You can use items such as resistance bands or a weighted vest, but it won't compare to a very heavy barbell.
However, while the same primary muscle groups are engaged, there are fewer stabilizing muscles used for the bench.
That said, when both the push-up and the bench press were compared (simulating the same weight), more push up repetitions were completed as reported in this study.
This is could be due to the arms having to engage the arm muscles more during the pushing movement (concentric) of the bench press than the push-up.
In addition, further study notes that the center mass of the load has to be pushed vertically farther during the bench press compared to the shorter distance for the push-up.
While the exercise movements are similar the center of mass load isn't.
Due to the body position during a push-up, it is more similar to performing a decline bench press with a shorter distance required to extend the arms.
Therefore the result is slightly skewed as the movement isn't entirely equal.
For effective strength training, the number of repetitions needs to be around 6, and the weight used is 70% of your one-rep max, although 8 to 12 reps have shown to be effective.
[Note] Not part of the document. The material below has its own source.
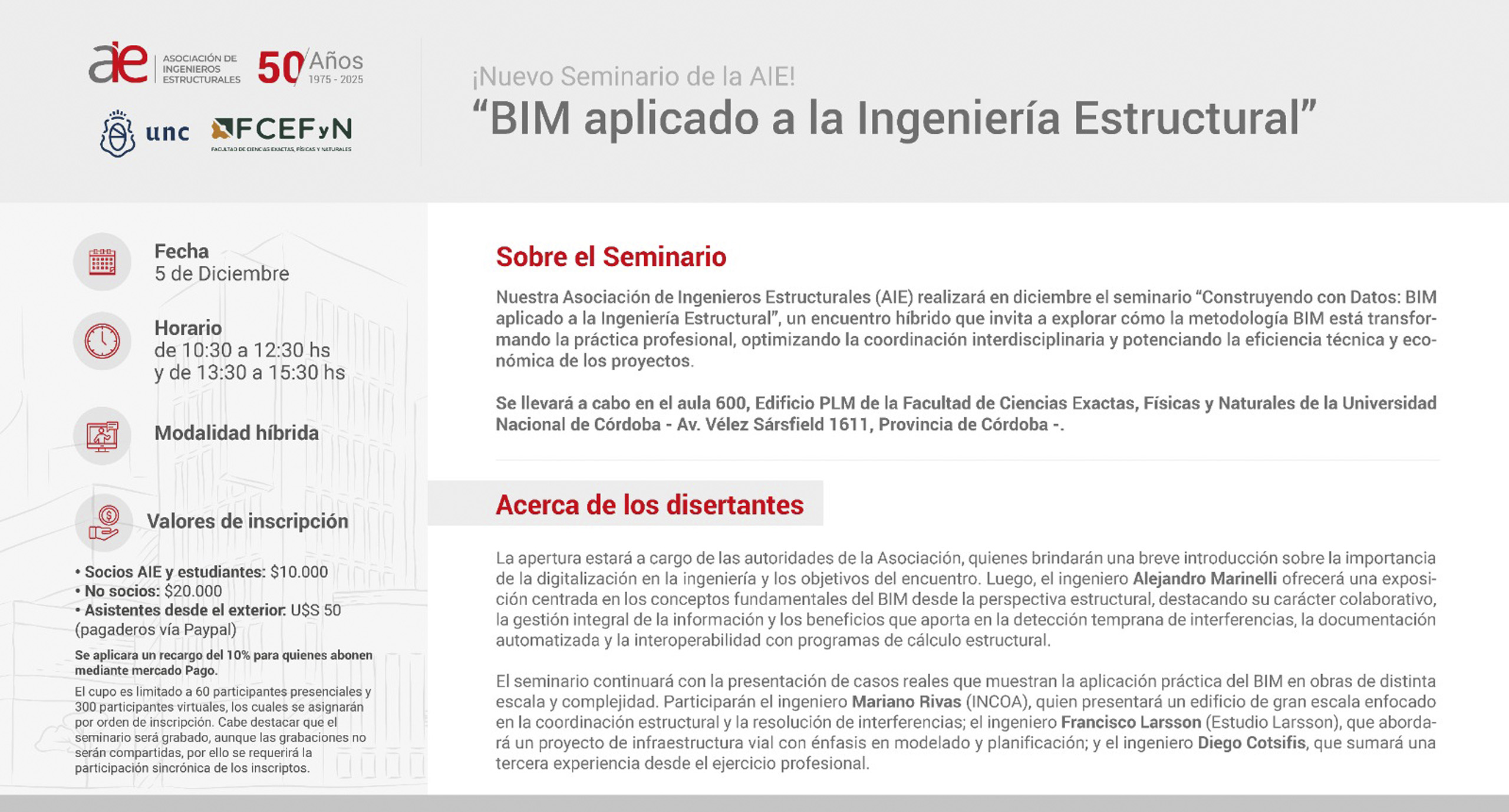 Nuestra Asociación de Ingenieros Estructurales (AIE) realizará en diciembre el seminario “Construyendo con Datos: BIM aplicado a la Ingeniería Estructural”, un encuentro híbrido que invita a explorar cómo la metodología BIM está transformando la práctica profesional, optimizando la coordinación interdisciplinaria y potenciando la eficiencia técnica y económica de los proyectos.

With the push-up, once strength develops further, the only option other than using the limited methods available is to increase the number of repetitions.
However, once the repetitions are greater than that required for strength stimulus (6 to 12 reps), we no longer see a development or improvement of strength as seen in this study.
As a result, it was reported weight training is better at producing greater strength gains than calisthenics.
You can build strength with push-ups, but not necessarily as much strength that weights can provide due to the limitations already covered.
However, hypertrophy gains are possible.
Yet, like the bench press is more beneficial for strength training, the results of this study also saw greater muscle size gains from the bench press compared to the push-up.
A study investigating the ability to perform both push-up and equally loaded bench press repetitions to failure, both men and women could not perform as many bench presses using a barbell compared to push-ups whilst maintaining a tempo of 60 beats per minute.
The push up is a very simple exercise that costs nothing to perform and can be done anywhere with a stable surface.
It targets a wide range of musculature, and as such, as the science has proven it is a barometer of strength and endurance, hence why it is still a focal part of many military fitness assessments and part of physical exercise regimes.
There are a great number of benefits from this simple exercise that range from reducing the risk of cardiovascular events, helping prevent injury from falls, strengthening bones, and even contributing to hormone balance.
Unlike expensive gym equipment that requires different apparatus for different variations, the push up can be performed in a variety of ways to target different muscle groups all by just changing the position of your hands or other limbs.
This makes it an incredibly accessible way for people of all ages and abilities to gains strength, muscle size, and endurance.
If you want to reignite or even start a new fitness regime from scratch, the push-up should be your first port of call.
Always remember to keep hydrated when performing exercise.